### WHAT YOU SHOULD DO
Please output exactly the lines below, starting at the line that has "巴西—中國友好協(xié)會" and ending at the line that has "典礼结束后,进行了学位授予仪", both included; leave out all pictures and include nothing else.

### DATA FOR REVIEW
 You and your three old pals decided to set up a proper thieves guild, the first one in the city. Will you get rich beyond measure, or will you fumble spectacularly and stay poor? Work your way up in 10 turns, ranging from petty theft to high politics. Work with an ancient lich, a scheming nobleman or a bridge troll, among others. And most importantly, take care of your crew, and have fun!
* * *
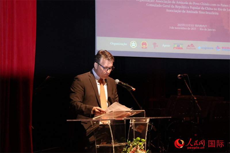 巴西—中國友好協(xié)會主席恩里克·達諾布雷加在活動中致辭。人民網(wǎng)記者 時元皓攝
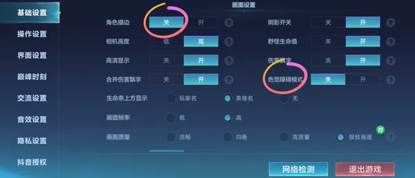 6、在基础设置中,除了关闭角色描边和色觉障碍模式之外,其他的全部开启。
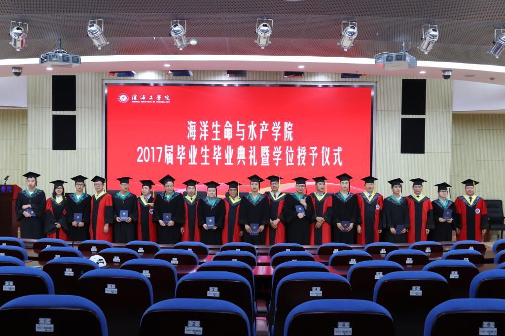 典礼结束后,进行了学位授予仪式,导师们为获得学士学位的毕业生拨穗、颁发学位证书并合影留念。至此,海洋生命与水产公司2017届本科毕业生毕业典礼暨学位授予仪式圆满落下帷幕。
* * *
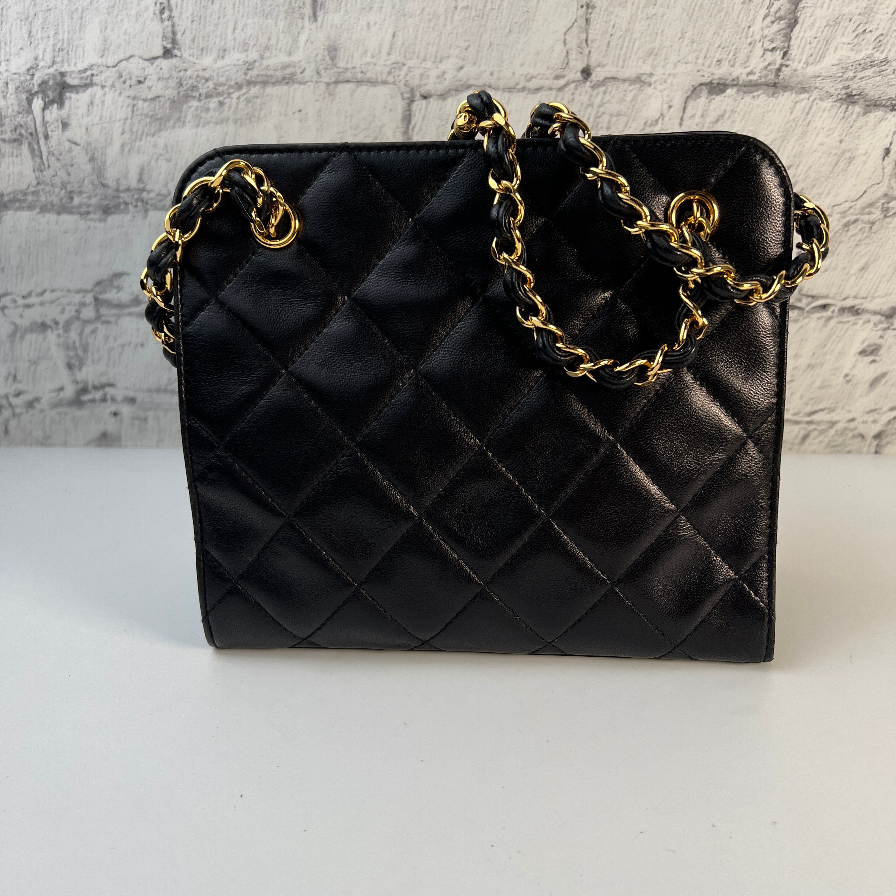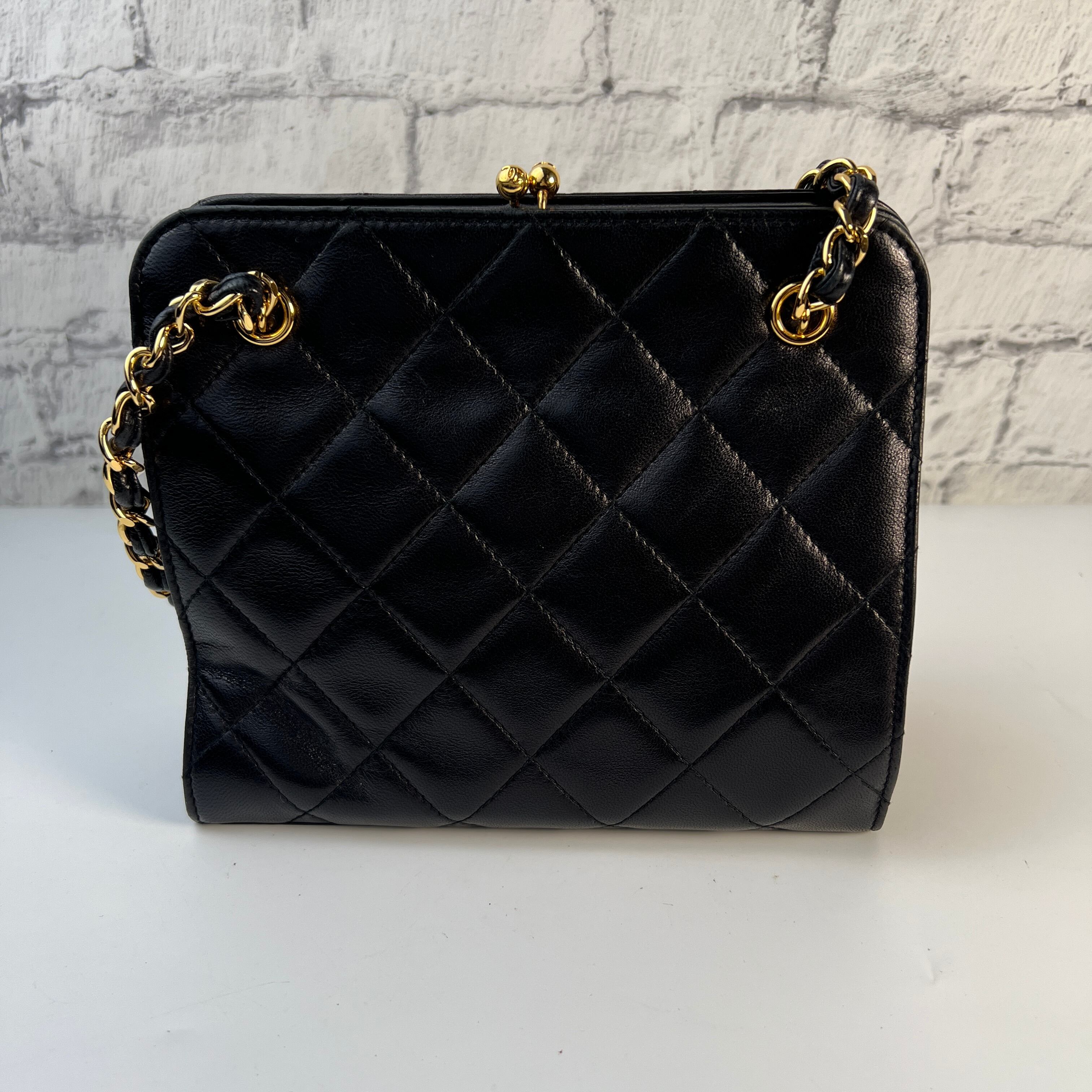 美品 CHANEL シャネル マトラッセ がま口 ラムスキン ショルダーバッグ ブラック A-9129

### RESPONSE AREA
 巴西—中國友好協(xié)會主席恩里克·達諾布雷加在活動中致辭。人民網(wǎng)記者 時元皓攝
 6、在基础设置中,除了关闭角色描边和色觉障碍模式之外,其他的全部开启。
 典礼结束后,进行了学位授予仪式,导师们为获得学士学位的毕业生拨穗、颁发学位证书并合影留念。至此,海洋生命与水产公司2017届本科毕业生毕业典礼暨学位授予仪式圆满落下帷幕。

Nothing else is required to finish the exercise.